When i delete one or multiple rows, i want the default rowid to reset automatically, so i have read some answers and found that we can do that by using sql_sequence table .
delete from sqlite_sequence where name='table_name'
the problem is that i can't find that table in my sqlite
[ no such table: sqlite_sequence ]
Is there any solution to my problem
A table by default will have a rowid that does not use sqlite_sequence table.
It is only when an alias for the rowid is specified (defined using column_name INTEGER PRIMARY KEY or column_name INTEGER PRIMARY KEY AUTOINCREMENT) AND that the definition of the alias includes the optional AUTOINCREMENT keyword/phrase, that the algorithm for determining the rowid utilises the sqlite_sequence table to ensure that the rowid is greater than the last used rowid (typically it will be greater anyway).

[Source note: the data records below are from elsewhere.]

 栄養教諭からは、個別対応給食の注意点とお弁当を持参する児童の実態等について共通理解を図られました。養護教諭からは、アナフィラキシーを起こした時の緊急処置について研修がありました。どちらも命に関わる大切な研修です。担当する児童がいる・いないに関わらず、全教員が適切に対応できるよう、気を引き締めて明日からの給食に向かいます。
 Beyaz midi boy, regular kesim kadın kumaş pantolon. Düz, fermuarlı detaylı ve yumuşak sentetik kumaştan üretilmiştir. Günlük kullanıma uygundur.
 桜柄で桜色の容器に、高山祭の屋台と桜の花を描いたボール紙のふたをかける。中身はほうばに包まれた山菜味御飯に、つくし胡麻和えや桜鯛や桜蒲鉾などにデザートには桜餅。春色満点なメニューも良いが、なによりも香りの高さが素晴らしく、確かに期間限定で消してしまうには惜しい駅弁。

Even if you used AUTOINCREMENT and thus the sqlite_sequence table existed and you deleted the row for the table from the sqlite_sequence table. This would not reset the sequence as I believe the algorithm used uses the higher of the highest existing rowid in the table and the value obtained from the sqlite_sequence table. here's a post I made in realtion to this
There is likely very little, or no, reason to utilise the rowid as if it's something other than the means to uniquely identify a row.

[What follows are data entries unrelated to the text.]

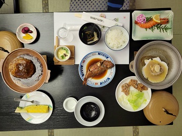 ホテルにて、美味しい夕食をいただきました。明日もあるので、ゆっくりと休んでくださいね。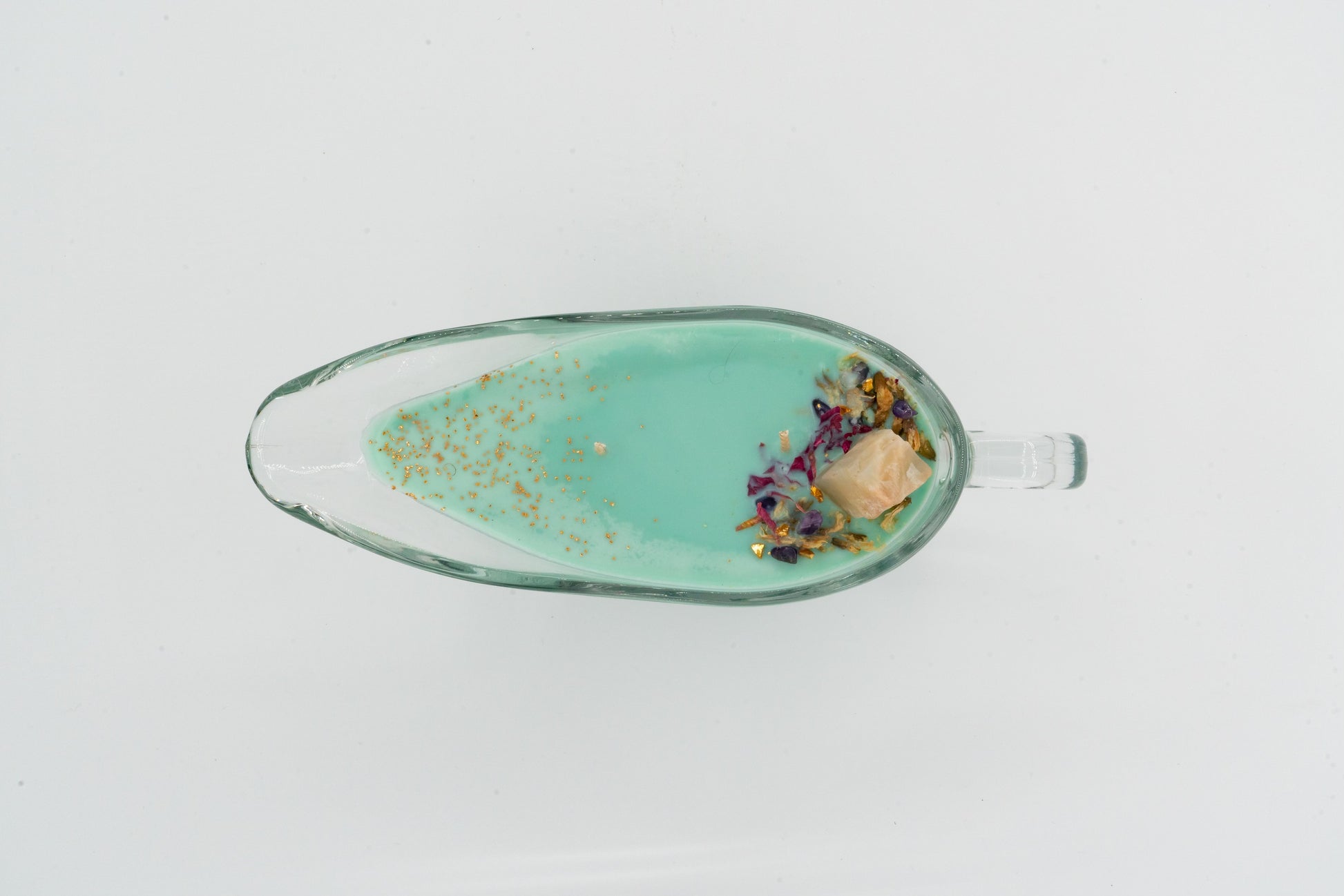 Adornments: Raw Moonstone & Gold Quartz Crystal, Jasmine, Rose Petals and a sprinkle of gold glitter.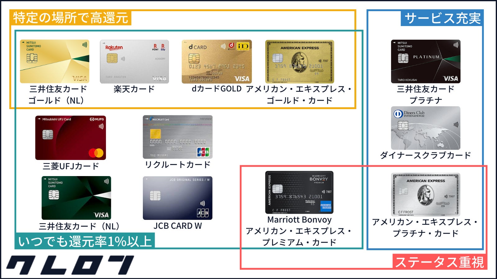 クレジットカードの究極の1枚を、還元率、サービス、ステータスなどの特徴に基づいて分類し、それぞれを掲載しています。

However, if you really want to manage the rowid then you can specifically set this value by specifying the rowid column (noting that there is an implied UNIQUE constraint).

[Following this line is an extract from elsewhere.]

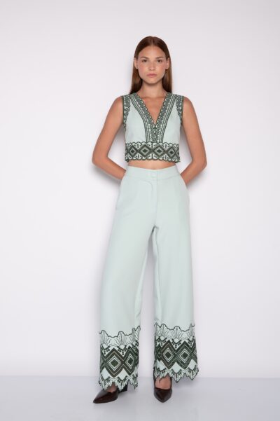 O bordado cria um ponto focal sofisticado no visual. Assim, a peça se destaca mesmo em produções minimalistas.

So you could for example use :-
INSERT INTO yourtable (rowid, NOM, TYPE, CL, VAL, SP, TP) VALUES(123,'MyName','Testx', '123', '123', 'Testx', 'Testx');
rowid will be set to 123
You could also use update a rowid e.g. :-
UPDATE yourtable SET rowid = 5 WHERE rowid = 123;
- rowid that was 123 is changed to 5 unique constraint permitting
You could obtain the highest rowid using:-
SELECT max(rowid) from yourtable;
You could even use :-
INSERT INTO yourtable (rowid, NOM, TYPE, CL, VAL, SP, TP) VALUES((SELECT max(rowid) from yourtable)+1,'MyName','maxx', '???', '???', 'Maxx', 'Maxx');
insert with the next rowid sequence.
Note the above examples are without an alias of the rowid, obviously they not rely upon the non-existant sqlite_sequence table.
Of course you could always have your own equivalent of the sqlite_sequence table, just that it CANNOT be named this nor could it's name start with sqlite. Note! this would be the only persistent way using SQLite of resetting the id, but could be a nightmare
All the above assumes that :-
and i want to reset rowid field after deleting rows
is not ....after deleting ALL rows, as if this were the case the rowid would be effectively reset (basically without AUTOINCREMENT rowid is determined according to the highes existing rowid, so if none exist then the rowid will be 1).
See example 2 below.
NOTE!!
This answer is not condoning or recommending any of the above.
Example 1
using the following :-
CREATE TABLE IF NOT EXISTS rowidtable (NOM TEXT, TYPE TEXT, CL TEXT, VAL TEXT, SP TEXT, TP TEXT);
INSERT INTO rowidtable (rowid) VALUES(10);
INSERT INTO rowidtable (rowid) VALUES(12);
INSERT INTO rowidtable (rowid, NOM, TYPE, CL, VAL, SP, TP) VALUES(123,'MyName','Testx', '123', '123', 'Testx', 'Testx');
INSERT INTO rowidtable (NOM, TYPE, CL, VAL, SP, TP) VALUES('MyName','Testx', '123', '123', 'Testx', 'Testx');
UPDATE rowidtable SET rowid = 5 WHERE rowid = 123;
SELECT max(rowid) from rowidtable;
--// Following repteated 3 times (so rowid's 125,126 and 127 used respectively)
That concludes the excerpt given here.